[Exhibit 99.6]
GENERAL RETAINER AND FEE AGREEMENT
----------------------------------
THIS AGREEMENT is made this 14th day of February 2006 (the
"Effective Date"), by and between the undersigned, PSI Tech Holdings,
Inc. (and its successors, subsidiaries and assigns), located at 0000
Xxxxxx Xx., #00, Xxxxxxxxxx, Xxxxxxxx 00000 (hereinafter called the
"CLIENT"), and Xxxxx X. Xxxx, P.A., located at 000 Xxxxxxxx Xxxxxx,
Xxxxx 000, Xxxx Xxxx Xxxxx, Xxxxxxx 00000 (hereinafter called the
"FIRM"). It is understood and agreed that the May 2005 General
Retainer and Fee Agreement entered into between the FIRM and CLIENT
shall continue to remain in effect until February 28, 2006.
The CLIENT employs and retains the FIRM to perform the
following described legal services, commencing on the date of full
execution of this AGREEMENT:
To serve as CLIENT'S corporate and securities counsel
in connection with the preparation and filing with the
United States Securities and Exchange Commission Form
SB-2 registration statement and related documents on
behalf of CLIENT, and subsequent application with the
NASD for trading on the over-the-counter-bulletin-board
or other trading medium. The services specifically
include the following: Prepare a private placement
memorandum for an SEC Rule 506 private offering;
prepare and file a registration statement and all
amendments thereto; prepare a Form 2-11 application for
trading on OTC:BB and all amendments thereto; and
assist the CLIENT with transactional matters related to
being a publicly traded corporation. The services
specifically exclude any and all (i) legal services in
connection with the CLIENT'S day-to-day commercial
business operations; (ii) litigation services; (iii)

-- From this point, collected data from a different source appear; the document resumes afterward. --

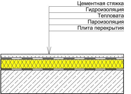 На плитах перекрытия (от внутренних помещений к чердаку):
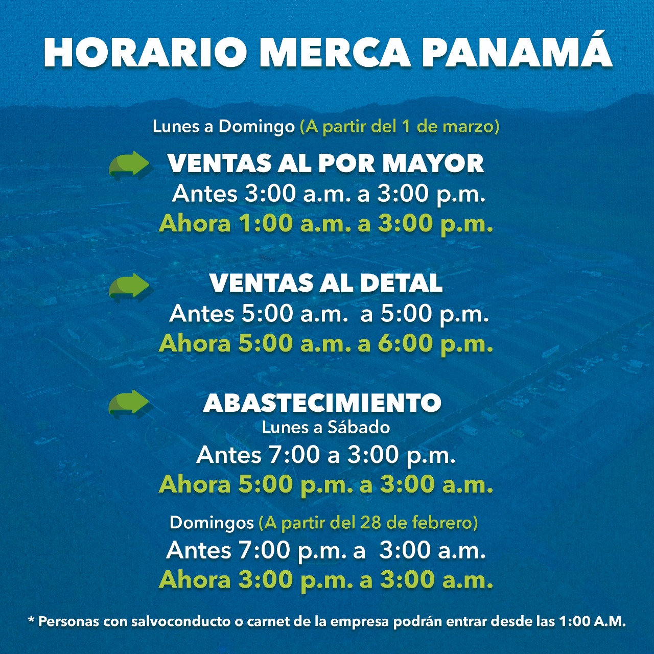 Mercados Nacionales de la Cadena de Frío S.A. anuncia que, a partir de la fecha, Merca Panamá extiende horario de atención a sus clientes, de lunes a domingo. Las ventas al por mayor de 1:00 a.m. a 3:00 p.m.; y ventas al detal de 5:00 a.m. a 6:00 p.m.
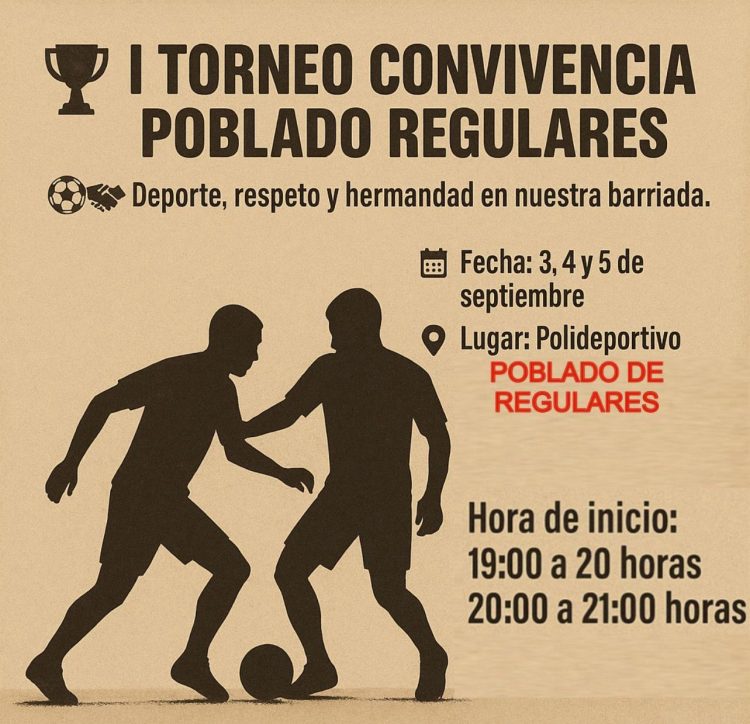 El Polideportivo del Poblado Regulares acoge los días 3, 4 y 5 de septiembre el I Torneo Convivencia Poblado Regulares, una cita que busca promover el deporte como herramienta de unión, respeto y hermandad en la barriada.
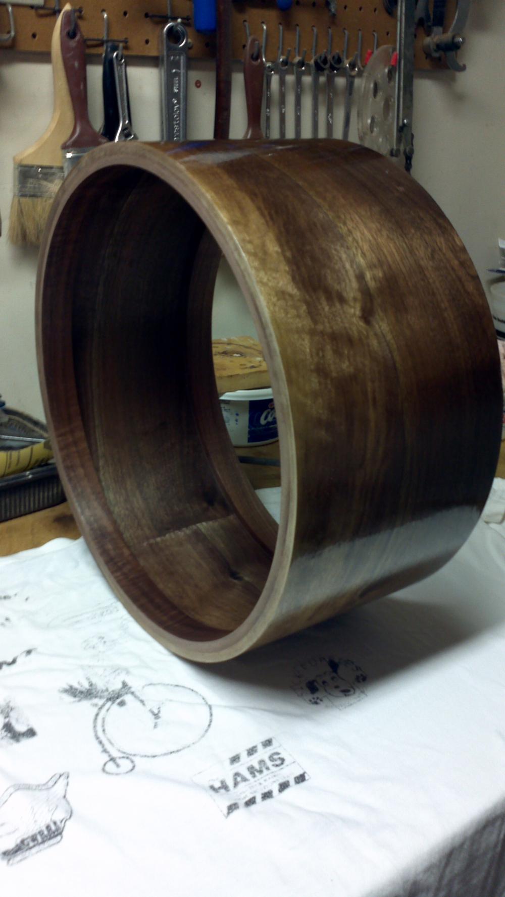 After the money was transferred, the communication started to become more spare. i did not get any response for my emails anymore. i just needed to know if he cuts edges/drills holes himself. still don't know. then, after about a month john responded, he was "really backed up with projects right now". i was just very happy to hear from him, so i decided to have my edges cut by Drumfoundry. I went ahead and payed for all the edges, drilling, because i thought the shells should be done soon.
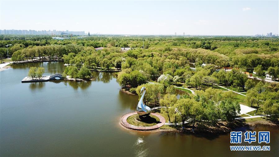 这是5月13日拍摄的太阳岛风景区(无人机照片)。时下,位于黑龙江省哈尔滨市的太阳岛国家级风景名胜区草青树绿,绿意盎然。新华社记者王建威摄

legal services subsequent to the effective date of the
registration statement, except as described herein
above; and (iv) SEC Rule 144 opinion letters on behalf
of CLIENT'S shareholders.
The FIRM shall accept such employment subject to review of its
files for possible conflicts of interest and agrees to render and
perform such legal services as are necessary and proper in connection
with this AGREEMENT.
The CLIENT hereby agrees to pay to the FIRM, as compensation for
the services to be performed by it, a reasonable fixed fee (the "FEE")
of 150,000 shares of CLIENT common stock, par value $.001 per share,
which stock shall be deemed to be fully paid and nonassessable on the
Effective Date of this agreement. The FEE shall include (i) long
distance telephone charges; (ii) local and long distance fax charges;
(iii) postage (ordinary U.S. first class mail only); and photocopies
(does not include printing services). All other costs and charges
with respect to the above-referenced matter will be billed to and paid
by the CLIENT.
The CLIENT recognizes and agrees that concerning the above-
referenced matter, and any other matters wherein the CLIENT utilizes
1
the services of the FIRM, the CLIENT shall be obligated to pay the
FIRM pursuant to this AGREEMENT for services rendered by the FIRM, and
that the terms and conditions of this Agreement shall apply to the
FIRM'S rendition of any services and the CLIENT'S obligation to pay
therefor.
The FIRM shall have the right to withdraw from the above-
referenced matter if the CLIENT does not make payments required by
this AGREEMENT, if CLIENT has misrepresented or failed to disclose
material facts to the FIRM or if the CLIENT fails to follow the FIRM'S
advice. If any of these events occur, the CLIENT will execute such
necessary documents as will permit us to withdraw.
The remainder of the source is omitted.